:: Task objective ::
A verbatim copy of all the data is required; the pictures should not appear in it.

Collected data entries
┌──

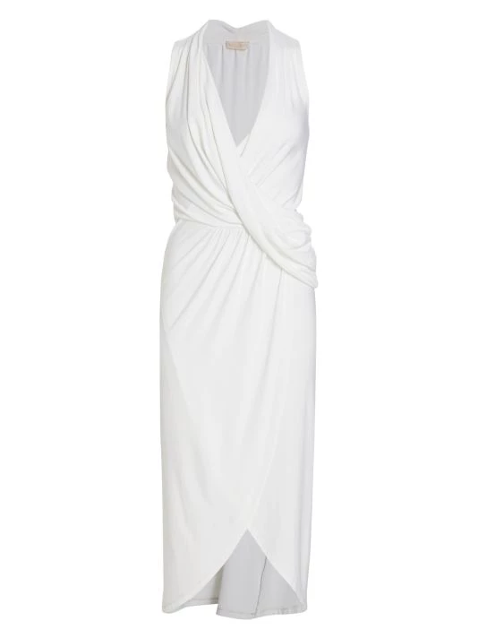 Ramy Brook presents the Monaco midi-dress, draped at the bodice into the hem creating an elevated design. Crossing at the waist, this flowing style boasts Greecian inspirations.
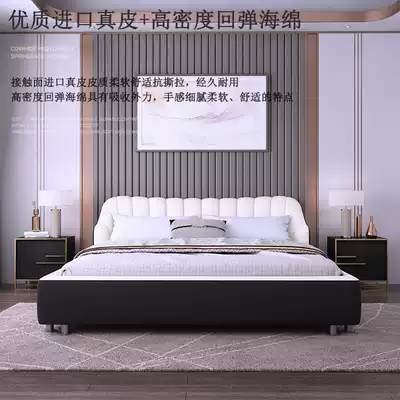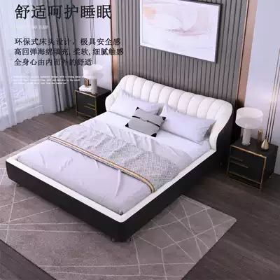 Nordic light luxury leather bed master bedroom double bed 1 8 meters storage wedding bed modern simple 1 5 meters solid wood leather art bed
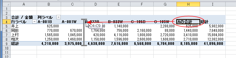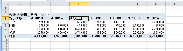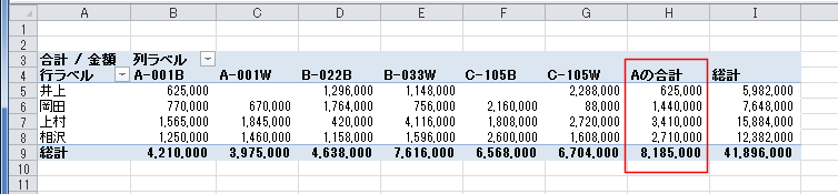 - 「Aの合計」が追加できました。
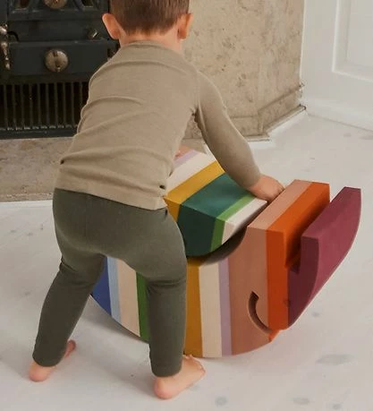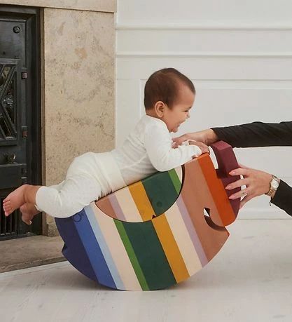 Når man vender kyllingen om, bliver den til en sjov vippe, som både de helt små, de større og de helt store børn kan bruge mange timer på at lege med. Det mindste barn kan vippe lige så stille, mens de større børn kan prøve at holde balancen på maven, numsen eller på fødderne.
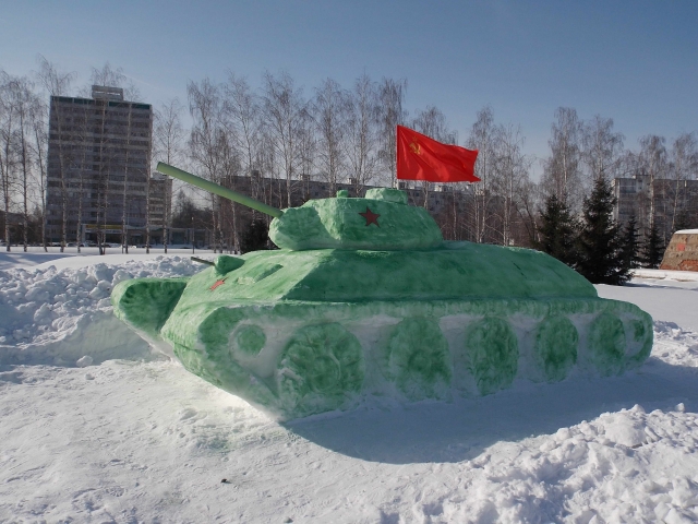 В парке Победы состоялся митинг коммунистов. Красные знамена и транспаранты появились только под конец праздничного мероприятия. Из-за морозов сломалась машина, на которой и должны были доставить атрибутику. Зато собравшиеся приятно удивились, увидев на постаменте снежный танк Т-34. - Сделали его в натуральную величину, - рассказывают умельцы из партии КОММУНИСТЫ РОССИИ. – Несколько человек трудились четыре дня. Использовали только снег и краску. Даже водой не заливали, морозы помогли. Полиция сразу заинтересовалась нашим творчеством, но не мешала. В конце концов, на каком основании нам могли запретить лепить снег? Жаль, конечно, что весной растает, но мы всем даем понять, что именно этот советский символ должен стоять в Парке Победы в качестве памятника. Большую часть митинга ораторы говорили о величии советской армии и критиковали нынешних военачальников: «Сейчас войска находятся в таком плачевном состоянии, что вряд ли смогут дать отпор НАТО. События на Украине хорошо показали, что с Россией мало кто считается». В принятой резолюции митинга челнинские коммунисты потребовали приговорить бывшего министра обороны РФ Сердюкова и его помощников к высшей мере наказания: «Необходимо оснастить армию современным отечественным оружием, повысить авторитет военной службы! Требуем прекратить закупки иностранной военной техники и снаряжения! НАТО, ЕС, США - руки прочь от суверенитета Украины! Властям России извлечь урок из трагических событий на Украине и не допустить подобного в нашей стране!» Помимо армейских тем, в резолюции были и другие требования: «Закрыть развратный телеканал «Пятница», «отменить грабительский тариф на тепло», «убрать незаконный платеж за ТО газовой плиты», «построить школы в 35, 36, 37 комплексах», «установить пешеходные переходы и дорожные знаки на улице Раскольникова в 35 комплексе», «обеспечить выполнение обязательств ЗАО «ФОН» перед дольщиками 65 микрорайона». «Заявляем городским властям, что город этой зимой был превращен в каток! Горожане каждый день подвергают свою жизнь и здоровье опасности! Требуем очистить от снега и льда проспекты, внутрикомплексные дороги, тротуары. Посыпать песком и реагентами!», – говорится в обращении.
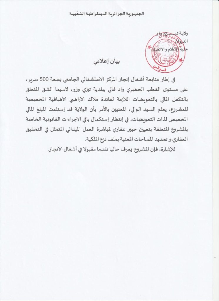 Les autorités de wilaya considèrent que cet engagement de l’ État est une preuve que ce projet va avancer sans entraves. Le communiqué à conclu que les travaux avancent comme il se doit.

└──

:: Written solution ::
 Ramy Brook presents the Monaco midi-dress, draped at the bodice into the hem creating an elevated design. Crossing at the waist, this flowing style boasts Greecian inspirations.
 Nordic light luxury leather bed master bedroom double bed 1 8 meters storage wedding bed modern simple 1 5 meters solid wood leather art bed
 - 「Aの合計」が追加できました。
 Når man vender kyllingen om, bliver den til en sjov vippe, som både de helt små, de større og de helt store børn kan bruge mange timer på at lege med. Det mindste barn kan vippe lige så stille, mens de større børn kan prøve at holde balancen på maven, numsen eller på fødderne.
 В парке Победы состоялся митинг коммунистов. Красные знамена и транспаранты появились только под конец праздничного мероприятия. Из-за морозов сломалась машина, на которой и должны были доставить атрибутику. Зато собравшиеся приятно удивились, увидев на постаменте снежный танк Т-34. - Сделали его в натуральную величину, - рассказывают умельцы из партии КОММУНИСТЫ РОССИИ. – Несколько человек трудились четыре дня. Использовали только снег и краску. Даже водой не заливали, морозы помогли. Полиция сразу заинтересовалась нашим творчеством, но не мешала. В конце концов, на каком основании нам могли запретить лепить снег? Жаль, конечно, что весной растает, но мы всем даем понять, что именно этот советский символ должен стоять в Парке Победы в качестве памятника. Большую часть митинга ораторы говорили о величии советской армии и критиковали нынешних военачальников: «Сейчас войска находятся в таком плачевном состоянии, что вряд ли смогут дать отпор НАТО. События на Украине хорошо показали, что с Россией мало кто считается». В принятой резолюции митинга челнинские коммунисты потребовали приговорить бывшего министра обороны РФ Сердюкова и его помощников к высшей мере наказания: «Необходимо оснастить армию современным отечественным оружием, повысить авторитет военной службы! Требуем прекратить закупки иностранной военной техники и снаряжения! НАТО, ЕС, США - руки прочь от суверенитета Украины! Властям России извлечь урок из трагических событий на Украине и не допустить подобного в нашей стране!» Помимо армейских тем, в резолюции были и другие требования: «Закрыть развратный телеканал «Пятница», «отменить грабительский тариф на тепло», «убрать незаконный платеж за ТО газовой плиты», «построить школы в 35, 36, 37 комплексах», «установить пешеходные переходы и дорожные знаки на улице Раскольникова в 35 комплексе», «обеспечить выполнение обязательств ЗАО «ФОН» перед дольщиками 65 микрорайона». «Заявляем городским властям, что город этой зимой был превращен в каток! Горожане каждый день подвергают свою жизнь и здоровье опасности! Требуем очистить от снега и льда проспекты, внутрикомплексные дороги, тротуары. Посыпать песком и реагентами!», – говорится в обращении.
 Les autorités de wilaya considèrent que cet engagement de l’ État est une preuve que ce projet va avancer sans entraves. Le communiqué à conclu que les travaux avancent comme il se doit.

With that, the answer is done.